Dr. Kachar and his colleagues turned to another protein—Eps8—that was known from earlier studies to regulate actin bundle growth in other kinds of cells. "No one had thought about looking at this protein in hair cells,"says Dr. Kachar, "but a group in Italy that had been involved in characterizing its function contacted us about Eps8, so we thought it was worth a try to see if we could find Eps8 in stereocilia.”

In collaboration with researchers at The FIRC Institute of Molecular Oncology Foundation and the Universita degli Studi di Milano in Milan, Italy, they were able to show that, sure enough, Eps8 localized at the tips of stereocilia. Even more interesting, it was present in amounts that were proportional to the length of each stereocilium—there was more of it in long ones and less of it in short ones. Further experimentation established that hair cells from mice that lacked Eps8 have very short stereocilia. This made it clear that Eps8 was regulating the lengths of stereocilia.

A series of experiments using immunofluroescence markers to make the proteins visible showed striking similarities in the localization of Eps8, myosin XVa, and whirlin in stereocilia tips, as well as the shortening of stereocilia when the proteins were absent. Notable was that without myosin XVa, Eps8 could not be found in the stereocilia tips. However, if whirlin was absent, Eps8 could be found, but only in smaller amounts. This gave Dr. Kachar and his colleagues enough information to hypothesize how the three proteins might interact to regulate actin bundle elongation and therefore the length of stereocilia.

According to Dr. Kachar, myosin XVa, Eps8, and whirlin are part of a system of regulated protein assembly. "Myosin XVa is the motor element that transports Eps8 and whirlin to the tips,"he says. "Eps8 is the actin-regulating element that determines stereocilia length, and whirlin has scaffolding properties that help accumulate this complex at the tips."

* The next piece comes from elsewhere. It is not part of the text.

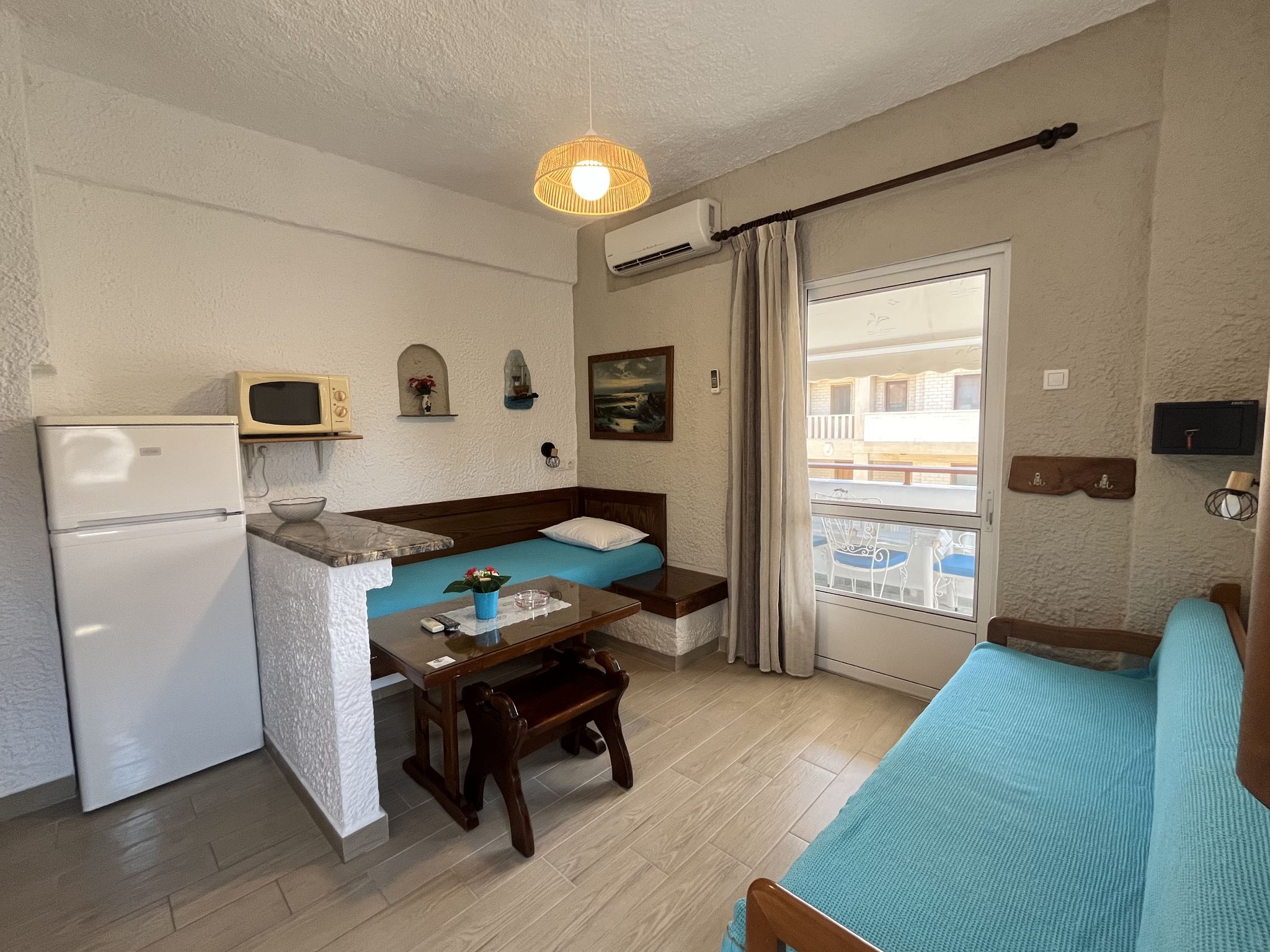 У приземљу се налази једна спаваћа соба са 1 брачним креветом. Одвојена дневна соба са једним креветом и малим каучем, кухиња, Климатизовано купатило и балкон.

In a mouse model, the researchers have already shown that mice without Eps8 are deaf. It is likely that the absence of Eps8 in humans could also cause loss of hearing. Next they'll be looking at the molecular details involved in exactly how Eps8 regulates stereocilia length. Dr. Manor says that Eps8 has several regulatory domains—areas of the protein that contain actin-controlling activities. "One domain caps filaments,"he explains, "which would normally be expected to shorten actin filaments. Another domain crosslinks filaments, which could be one way of stabilizing and elongating actin bundles. It will be interesting to see how the cell uses a specific molecule with seemingly contradictory activities to so dramatically regulate the length of an actin protrusion.”